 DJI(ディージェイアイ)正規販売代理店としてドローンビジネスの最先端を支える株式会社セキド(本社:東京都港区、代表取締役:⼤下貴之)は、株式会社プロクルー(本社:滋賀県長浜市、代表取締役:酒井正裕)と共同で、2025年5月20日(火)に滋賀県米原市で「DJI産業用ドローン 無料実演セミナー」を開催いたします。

········

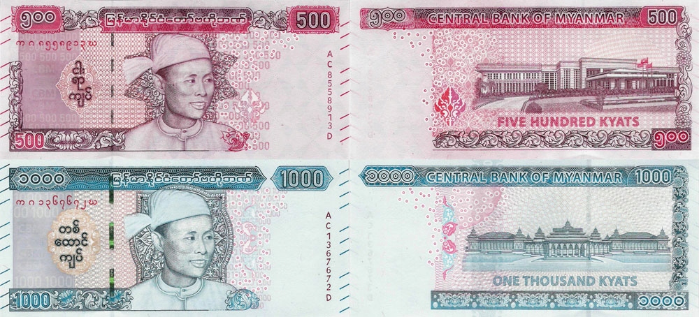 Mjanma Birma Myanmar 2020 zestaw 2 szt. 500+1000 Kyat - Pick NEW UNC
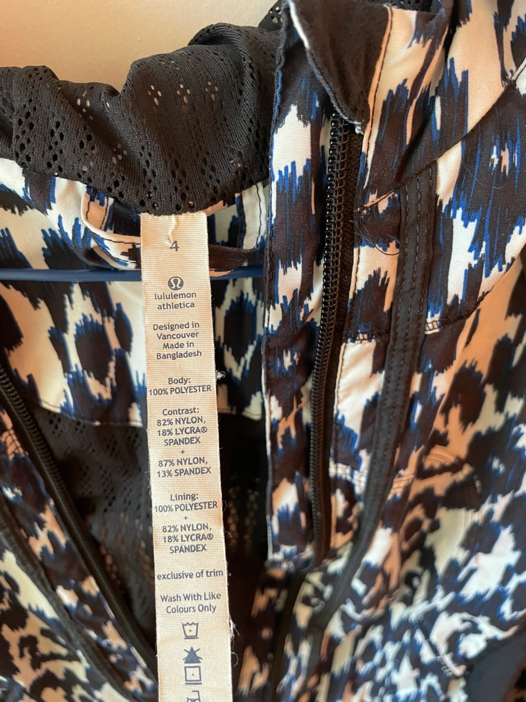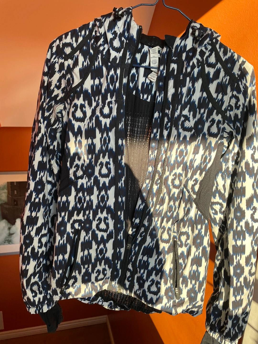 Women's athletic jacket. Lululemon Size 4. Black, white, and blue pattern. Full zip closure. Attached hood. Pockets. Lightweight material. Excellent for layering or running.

········

> **Task prompt**
Give the lines above again exactly, from the one containing "Mjanma Birma Myanmar" to the one containing "Women's athletic jacket.", both included, but leave out the pictures.

> **Exercise output**
 Mjanma Birma Myanmar 2020 zestaw 2 szt. 500+1000 Kyat - Pick NEW UNC
 Women's athletic jacket. Lululemon Size 4. Black, white, and blue pattern. Full zip closure. Attached hood. Pockets. Lightweight material. Excellent for layering or running.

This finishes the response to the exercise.